More than 127,000 Arizonans have concealed weapons permits, which require a gun safety course and background check, according to the Arizona Department of Public Safety.
An alcohol-serving establishment can opt-out by posting a sign next to its liquor license disallowing guns on the premises.
† Updates To Previous Posts (eighth item, Empire State Repubs Rise Again): Justice Joseph C. Teresi of State Supreme Court in
When the meeting will actually take place remains to be seen; Senate Republicans were appealing Justice Teresi’s ruling and were expected to get a stay that will delay the session.
In any case, the ruling was a victory for the governor, even if the judge criticized the lawyers for both [David] Paterson and the Republican senators for submitting court papers that he said were riddled with “hearsay, innuendo, speculation.”

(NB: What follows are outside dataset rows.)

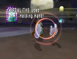 Helping Hand (Japanese: てだすけ Help) is a non-damaging Normal-type move introduced in Generation III. It was TM03 in Pokémon: Let's Go, Pikachu! and Let's Go, Eevee!, and is TM41 in Generation VIII.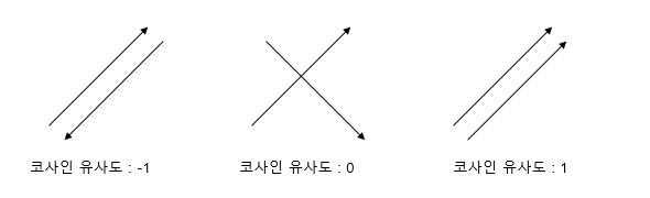 두 벡터의 방향이 완전히 동일한 경우에는 1의 값을 가지며, 90°의 각을 이루면 0, 180°로 반대의 방향을 가지면 -1의 값을 갖게 된다.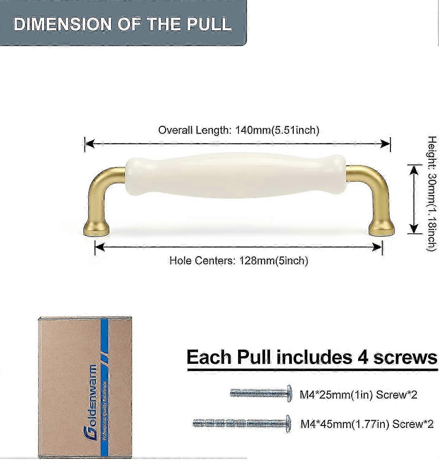 Vintage White Porcelain Kitchen Cabinet Handles, Set of 10, 128mm Center Distance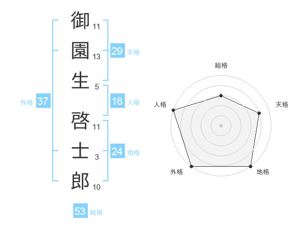 御園生 啓士郎さんを姓名の画数から五運を鑑定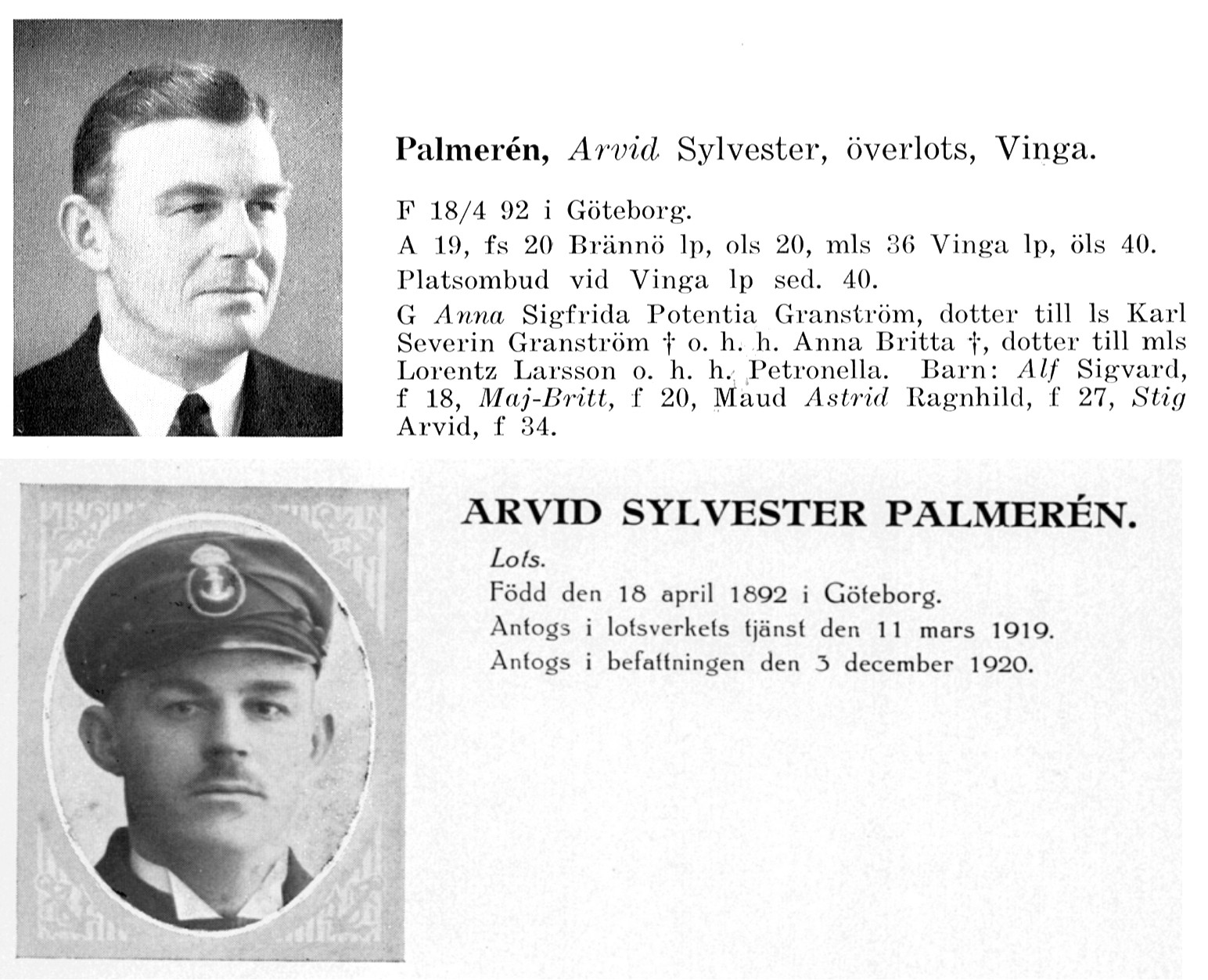 Född 1892 Styrsö, Gbg o Bohus län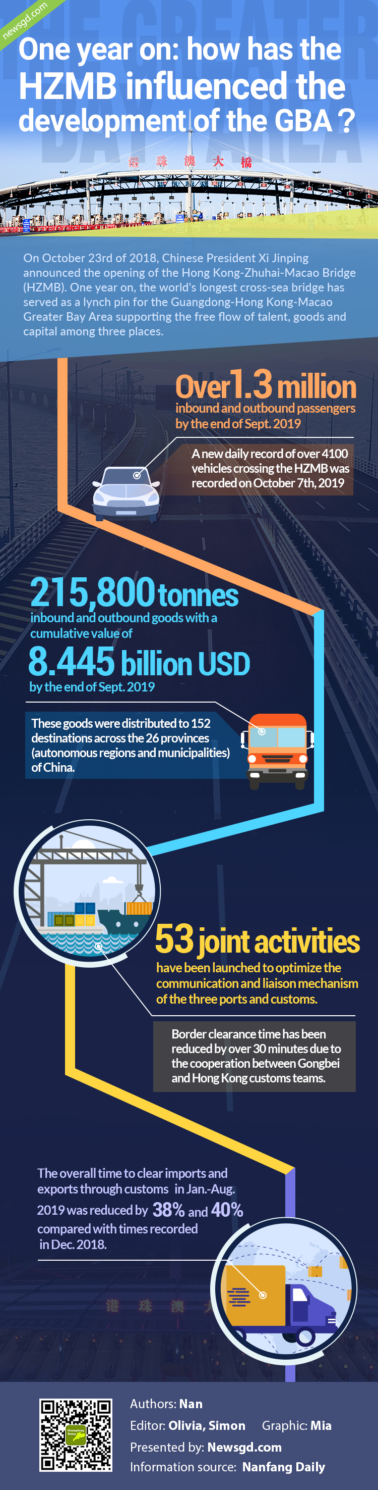 On October 23rd of 2018, Chinese President Xi Jinping announced the opening of the Hong Kong-Zhuhai-Macao Bridge (HZMB). One year on, the world's longest cross-sea bridge has served as a lynch pin for the Guangdong-Hong Kong-Macao Greater Bay Area supporting the free flow of talent, goods and capital among three places.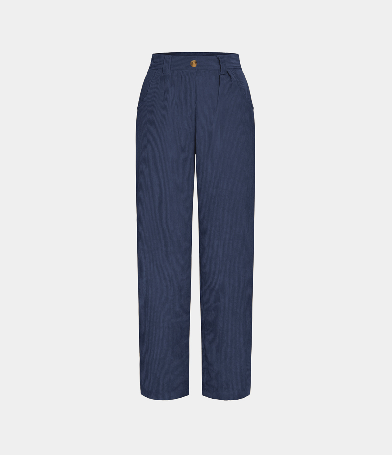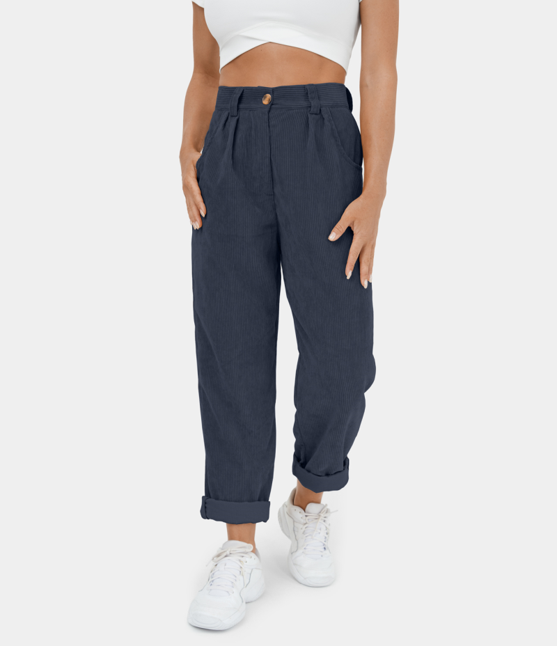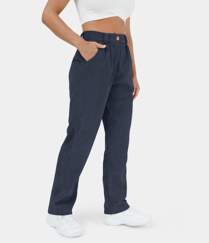 :: Halara Mid Rise Button Zipper Side Pocket Corduroy Casual Women's Pants Peacoat | 152896-RDI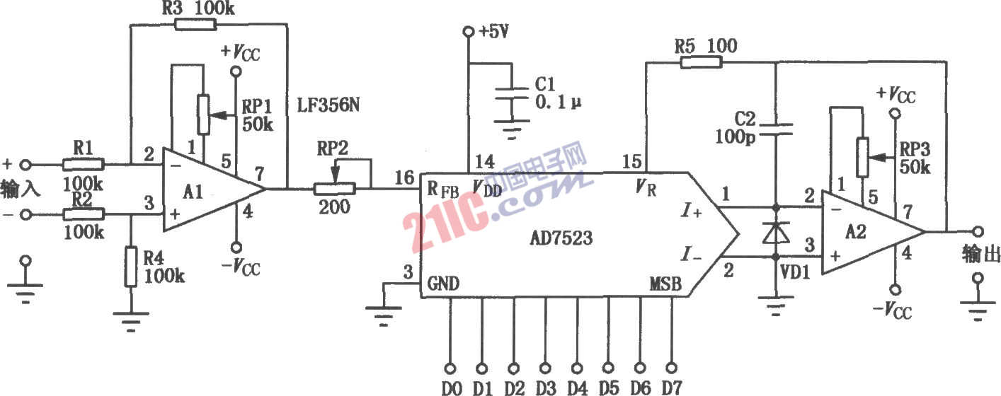 如圖所示是采用A/D轉(zhuǎn)換器AD7523構(gòu)成的可編程增益放大器。電路由8位數(shù)據(jù)來控制增益,使增益在1~256范圍內(nèi)變化,由于從D7(最高位)開始依次只有1位電平為高,所以能以6dB為步長(zhǎng),從6dB變到42dB。AD7523片內(nèi)有模擬開關(guān)和R-2R梯形網(wǎng)絡(luò),額定阻值為5~20kΩ,中心值為10kΩ。若從RFB端直接輸入信號(hào),側(cè)輸入電阻很低,所以在前面接入緩沖放大器Al,起到倒相的作用。若從Al的同相端輸入,則可得到同相信號(hào)。對(duì)于可變?cè)鲆娣糯笃鳎粼鲆娓?,則失調(diào)電壓大,因此需要對(duì)運(yùn)放進(jìn)行準(zhǔn)確調(diào)零,尤其要注意Al的輸出。在RFB端串聯(lián)電位器RP2進(jìn)行增益的校準(zhǔn)。運(yùn)放A2由于負(fù)反饋可變,設(shè)定增益越大,閉環(huán)頻率響應(yīng)越壞。需要選用增益可變范圍窄或開環(huán)頻率特性好的運(yùn)放。對(duì)于小功率或精密運(yùn)放,因?yàn)闋奚私涣魈匦?,所以?dāng)輸入幾千赫茲以上的信號(hào)時(shí)應(yīng)予以注意。
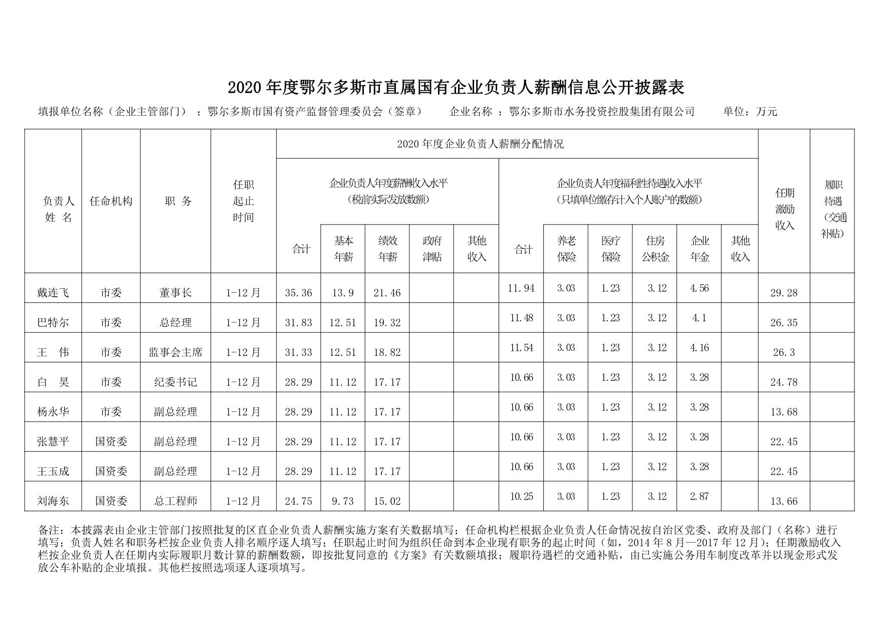2020年度鄂爾多斯市直屬國有企業(yè)負(fù)責(zé)人薪酬信息公開披露表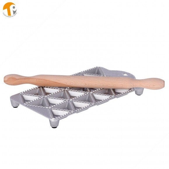 Aluminium Ravioli mal voorzien van kleine houten deegroller. Verzegelt snel en nauwkeurig 24 driehoekige ravioli met een zijde van 50 mm. Ook geschikt voor professioneel gebruik in restaurants en verse pastawinkels. keuken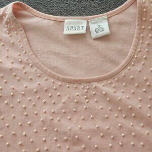 This shirt is very soft to the touch and the pearls are very elegant so you could wear it with dress pants or a skirt to a dressy event or you could dress it down with jeans.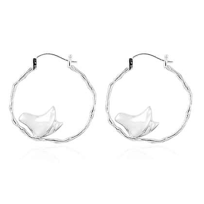 Isabella Liu Butterfly Reborn Collection - Rhodium Overlay Sterling Silver Hoop Earrings (with Clasp), Silver Wt 7.72 Gms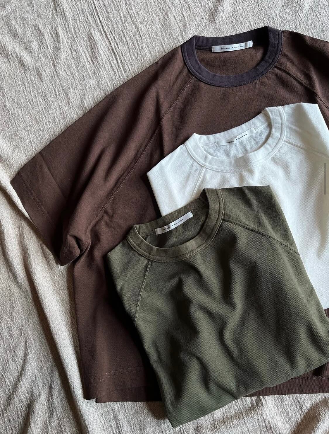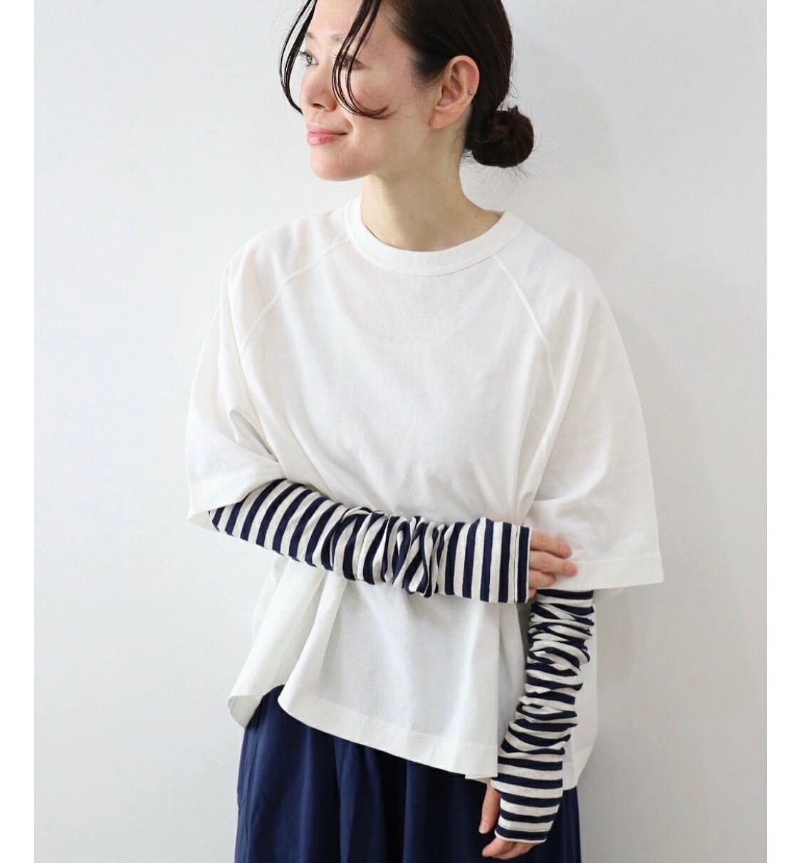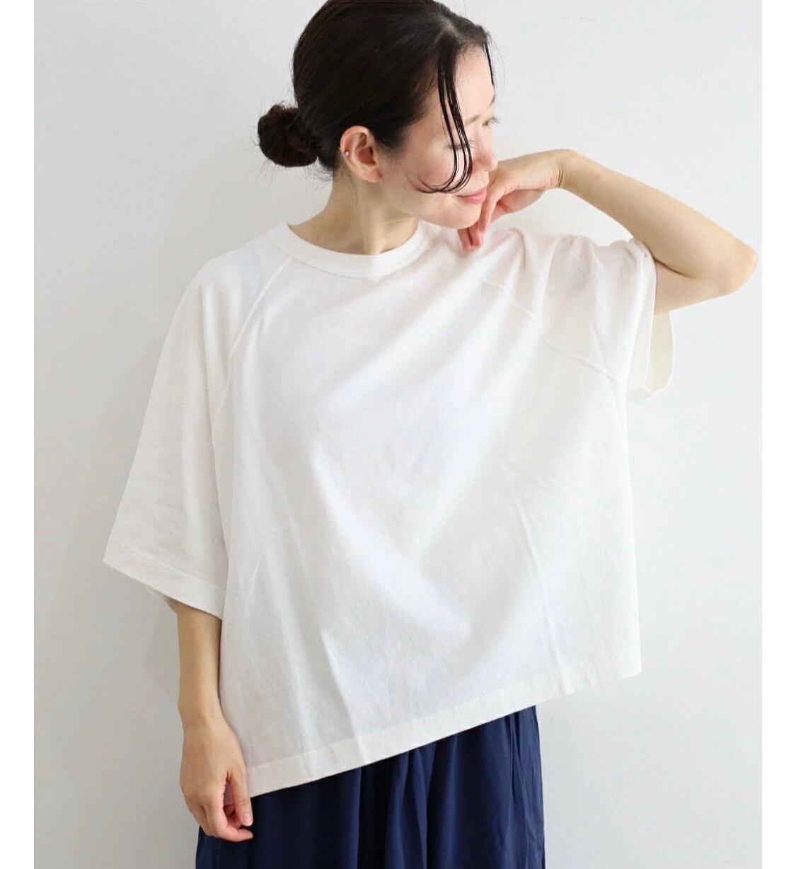 着心地の良さとゆったりとしながら女性らしいシルケットで人気のharmonieのラグランビッグTシャツ。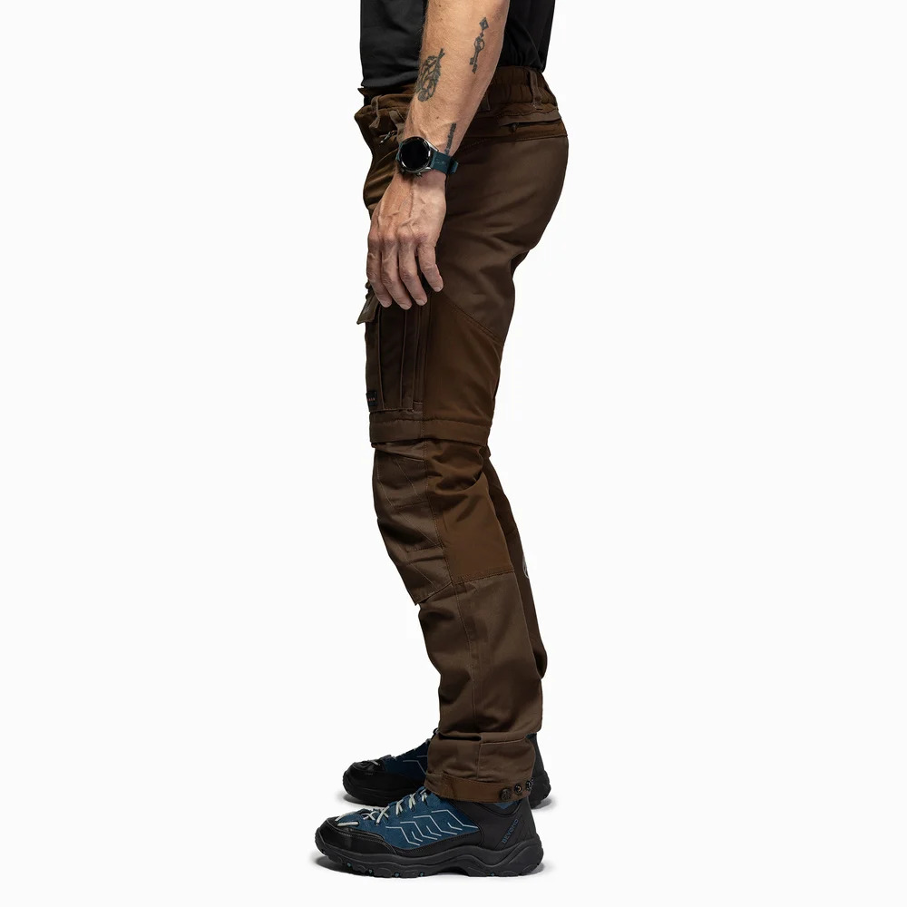 Turistické kalhoty B002 Zip-Off mají odepínací nohavice a jsou nejprodávanější všestranné turistické kalhoty pro muže. Odolné outdoorové kalhoty moderního střihu vhodné pro turistiku, trekking, rybaření, lov a další outdoorové aktivity jako je zahradničení, venčení psů nebo hraní s rodinou na zahradě. Při výběru materiálů pro naše výrobky je důležitých mnoho faktorů. Hlavní důraz je kladen na pohodlí, odolnost, prodyšnost a chování v různých povětrnostních podmínkách. Turistické kalhoty BN002 jsou vyrobeny z ventilačního materiálu s vynikající prodyšností, 65% Polyester / 35% Bavlna, který je vybaven vodoodpudivým Teflon EcoElite® (impregnace DWR bez fluorouhlovodíků). Větrací otvory na vnější straně stehen. Vodoodpudivý a ventilační materiál. Celkem 6 kapes, z toho 5 na zip. Nastavitelné konce nohou ve 4 polohách. Kapsa s rozšířeným háčkem na zapínání nohavic pro upevnění kalhot na botě. Zesílená část stehen pro extrémní odolnost. Vícesmyčka pro zavěšení nástrojů. RECCO systém pro Vaše bezpečí. Bezpečnost pobytu v přírodě je nesmírně důležitá, a proto používáme technologii RECCO. Tento oděv je implantován s reflexním čipem RECCO, díky kterému budou moci prohledávat profesionální záchranné týmy po celém světě vzdušnou nebo pozemní cestou v případě nehody nebo pokud se ztratíte v přírodě. Reflektory RECCO jsou lehké a ke své funkci nevyžadují žádné napájení ani aktivaci. Jsou navrženy tak, aby vydržely po celý život a nestárly ani se neopotřebovávaly.

Mr. Paterson has been trying to force the Senate back to work by ordering the lawmakers to convene extraordinary sessions each day since the regular legislative session ended June 22. With the chamber split in an unprecedented 31-31 tie, the recent sessions held by the Democratic and Republican blocs have yielded nothing, since neither side has the 32 members needed for a quorum. …
“To come into session as separate groups is a fiction,” he said. “It’s an illusion that these elected officials are working as one elected group that is the New York State Senate, and I will not be part of that fiction.”
The only good thing to come out of this meshugeneh mess: A law authorizing a 0.5 percent increase in the sales tax expired. It’s not much of a savings for consumers, but this is one of those rare instances when a tax got lowered after having been raised.